Era Natal, e eu na minha casa de família perdida pelos adultos, sempre tivera presépio e árvore de Natal e meti na cabeça que teria presépio, aquele ano e naquela casa.. À entrada das Caldas havia ( e há, embora fechadas) as fábricas de loiça com as criações de Bordalo Pinheiro cujas peças com defeito eram amontoadas no seu exterior. Grande fartura de peças para o presépio, para mim não tinham defeito nenhum, sabia lá porque estavam ali à mão, a única explicação era um milagre do menino Jesus , Ele sabia bem que sem ovelhinhas, moinhos, pontes, homens e mulheres não havia presépio.


E, ali no quintal, ao lado direito da porta de entrada fiz com os meus irmãos o "nosso" presépio, bem me lembro que o Menino deixou para mim o milagre de arranjar "papel de prata" para fazer o rio que passava por debaixo da ponte. Um rapaz mais velho ( tinha uma bengala que usava debaixo do ombro, onde se apoiava) viu o "nosso " presépio e arranjou-me a prata, ele também não tinha amigos para jogar a bola, também teve que fazer o seu próprio presépio."Fazes bem, Luis, é bom!" disse-me ele e para mim bastou, alguém tinha olhado para o nosso presépio e gostara dele. Basta uma palavra, a indiferença é algo de terrível, fazer uma festa na cabeça de uma criança, todos os dias, devia ser
uma das três coisas obrigatórias antes de morrer.
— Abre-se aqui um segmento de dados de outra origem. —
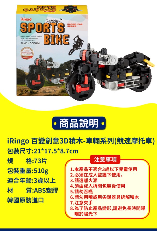 韓國iRingo 百變創意3D積木-車輛系列(競速摩托車)

O meu pai, foi ao pinhal e trouxe um ramo de pinheiro e com ele fez a árvore de Natal, a vizinha ao lado fez uma estrela prateada ( depois vim a saber que "era aquela estrela pequenina a tremer de medo por cima do forte de Santa Catarina...), não havia luzes, mas havia o musgo que íamos buscar ao bosque, o azevinho de bolinhas vermelhas , as plantas selvagens, e o nosso presépio cresceu, vinham pessoas do bairro ver e sempre deixavam uma ideia, mais uma estrela, e o menino à noite por causa do frio teve direito às roupas que lhe fez a minha professora da pré-escola (bem a vi a chorar...) e o presépio já era de todos, vieram os bolos e as rabanadas, o bacalhau e o azeite, e o meu presépio já era a minha casa cheia de gente .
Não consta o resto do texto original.